* **Your assignment**:
Locate "По мнению BofA, ужесточение" in the records below, then copy its line and every following line exactly, without the pictures.

* **Data in this exercise**:
+===+

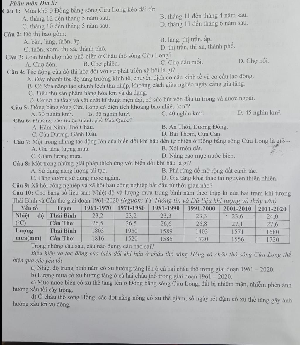 Câu 7: Tác động lớn của biến đổi khí hậu đến tự nhiên ĐBSCL:
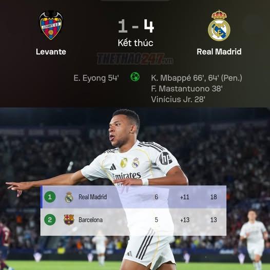 Tại vòng 6 La Liga 2025/26, Real Madrid một lần nữa nối dài mạch thắng khi thắng 4-1 trước Levante ở sân khách. Một lần nữa, Mbappe là ngôi sao tỏa sáng nhất của Real Madrid với 1 cú đúp.
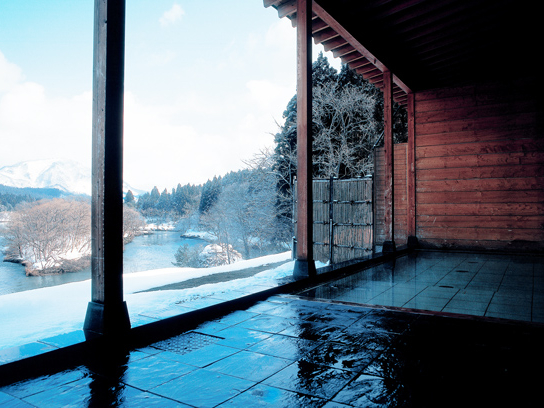 露天風呂からの阿賀野川の眺望、どこまでも広がる美しい山々も魅力
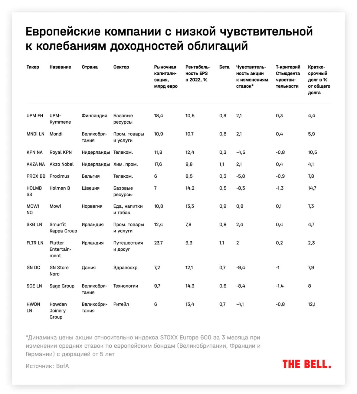 По мнению BofA, ужесточение денежно-кредитной политики в США и рост доходности облигаций могут стать ключевыми факторами для рынка акций в 2022 году. Инвестбанк выбрал 12 европейских акций с исторически низкой чувствительностью к колебаниям доходности облигаций, которые, по мнению аналитиков, помогут снизить риски волатильности из-за повышения ставок.
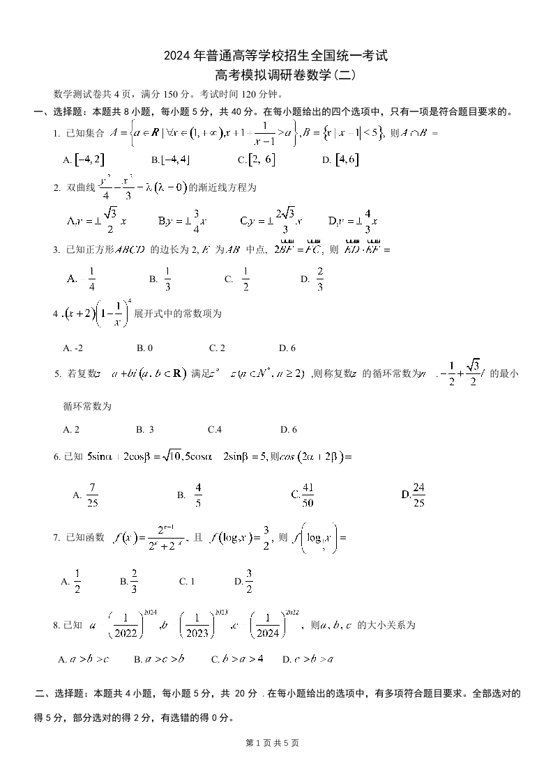重庆康德2024年普通高等学校招生全国统一考试高考模拟调研卷(二)数学

+===+

* **Exercise solution**:
 По мнению BofA, ужесточение денежно-кредитной политики в США и рост доходности облигаций могут стать ключевыми факторами для рынка акций в 2022 году. Инвестбанк выбрал 12 европейских акций с исторически низкой чувствительностью к колебаниям доходности облигаций, которые, по мнению аналитиков, помогут снизить риски волатильности из-за повышения ставок.
重庆康德2024年普通高等学校招生全国统一考试高考模拟调研卷(二)数学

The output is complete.